Exercise details: For the entries below, print exactly the lines between the line holding "This comprehensive Sealey" and the line holding "Pretty young girl", inclusive, and nothing else.

Material supplied:
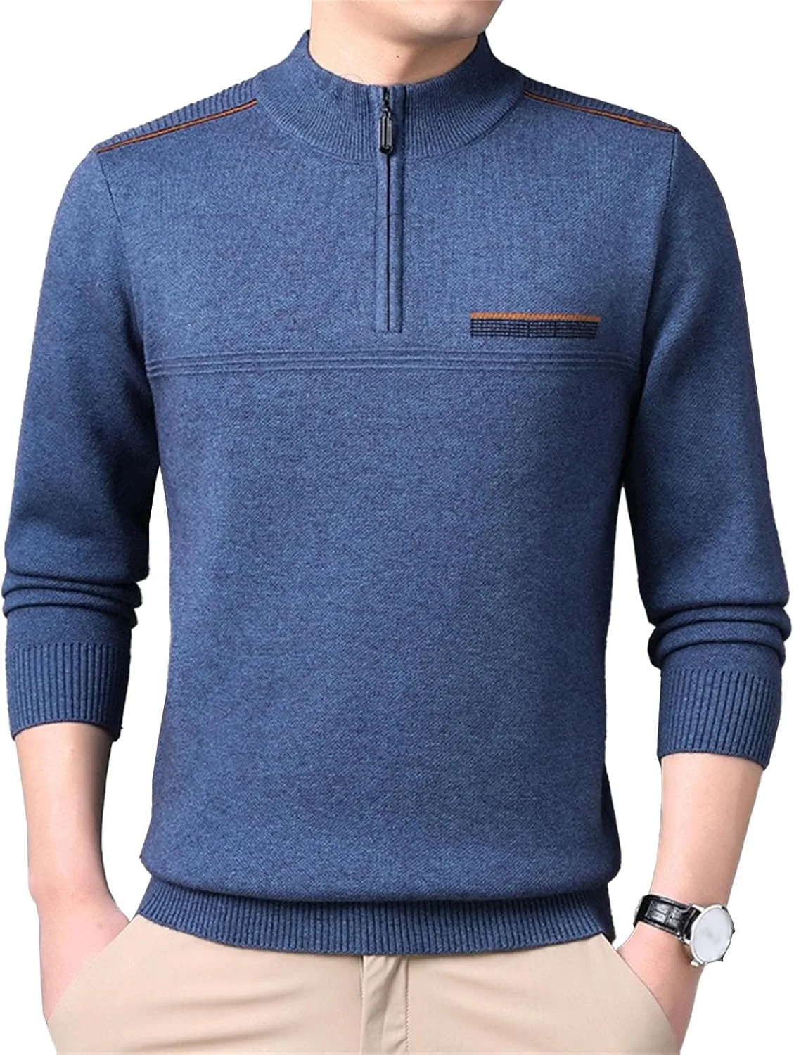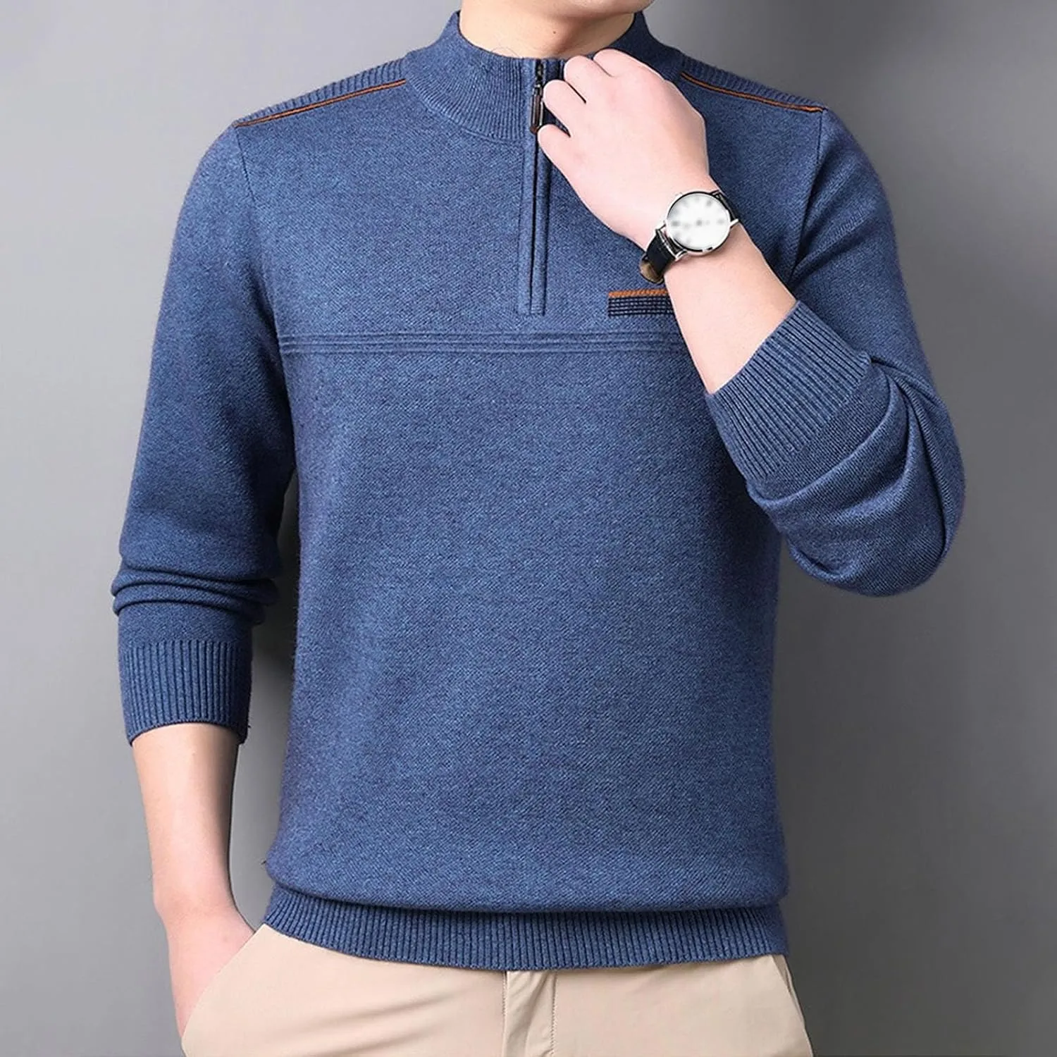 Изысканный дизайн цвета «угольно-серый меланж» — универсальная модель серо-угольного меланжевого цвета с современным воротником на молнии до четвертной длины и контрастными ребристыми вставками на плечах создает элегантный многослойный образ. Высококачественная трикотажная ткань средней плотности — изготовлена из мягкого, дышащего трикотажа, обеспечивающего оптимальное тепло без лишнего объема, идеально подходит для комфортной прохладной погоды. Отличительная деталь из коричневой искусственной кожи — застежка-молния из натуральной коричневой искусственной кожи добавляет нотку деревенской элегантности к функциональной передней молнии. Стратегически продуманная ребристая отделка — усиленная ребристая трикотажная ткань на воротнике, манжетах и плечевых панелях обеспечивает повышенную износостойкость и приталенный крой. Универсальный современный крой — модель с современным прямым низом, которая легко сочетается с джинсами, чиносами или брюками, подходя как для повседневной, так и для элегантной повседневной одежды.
--
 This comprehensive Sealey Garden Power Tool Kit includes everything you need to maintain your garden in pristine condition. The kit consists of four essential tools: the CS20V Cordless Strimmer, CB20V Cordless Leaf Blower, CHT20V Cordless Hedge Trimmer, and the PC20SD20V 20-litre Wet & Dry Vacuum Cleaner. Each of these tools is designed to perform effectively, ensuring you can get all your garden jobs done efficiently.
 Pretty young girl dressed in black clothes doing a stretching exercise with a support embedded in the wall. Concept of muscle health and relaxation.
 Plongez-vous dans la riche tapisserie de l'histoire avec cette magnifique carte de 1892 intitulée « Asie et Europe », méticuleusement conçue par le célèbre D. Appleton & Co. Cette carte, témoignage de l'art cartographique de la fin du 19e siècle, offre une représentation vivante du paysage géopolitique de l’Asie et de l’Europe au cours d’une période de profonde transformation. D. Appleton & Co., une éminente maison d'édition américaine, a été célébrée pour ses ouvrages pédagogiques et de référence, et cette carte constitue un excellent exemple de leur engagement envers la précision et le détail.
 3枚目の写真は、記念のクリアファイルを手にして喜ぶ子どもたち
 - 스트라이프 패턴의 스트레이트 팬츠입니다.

Written solution:
 This comprehensive Sealey Garden Power Tool Kit includes everything you need to maintain your garden in pristine condition. The kit consists of four essential tools: the CS20V Cordless Strimmer, CB20V Cordless Leaf Blower, CHT20V Cordless Hedge Trimmer, and the PC20SD20V 20-litre Wet & Dry Vacuum Cleaner. Each of these tools is designed to perform effectively, ensuring you can get all your garden jobs done efficiently.
 Pretty young girl dressed in black clothes doing a stretching exercise with a support embedded in the wall. Concept of muscle health and relaxation.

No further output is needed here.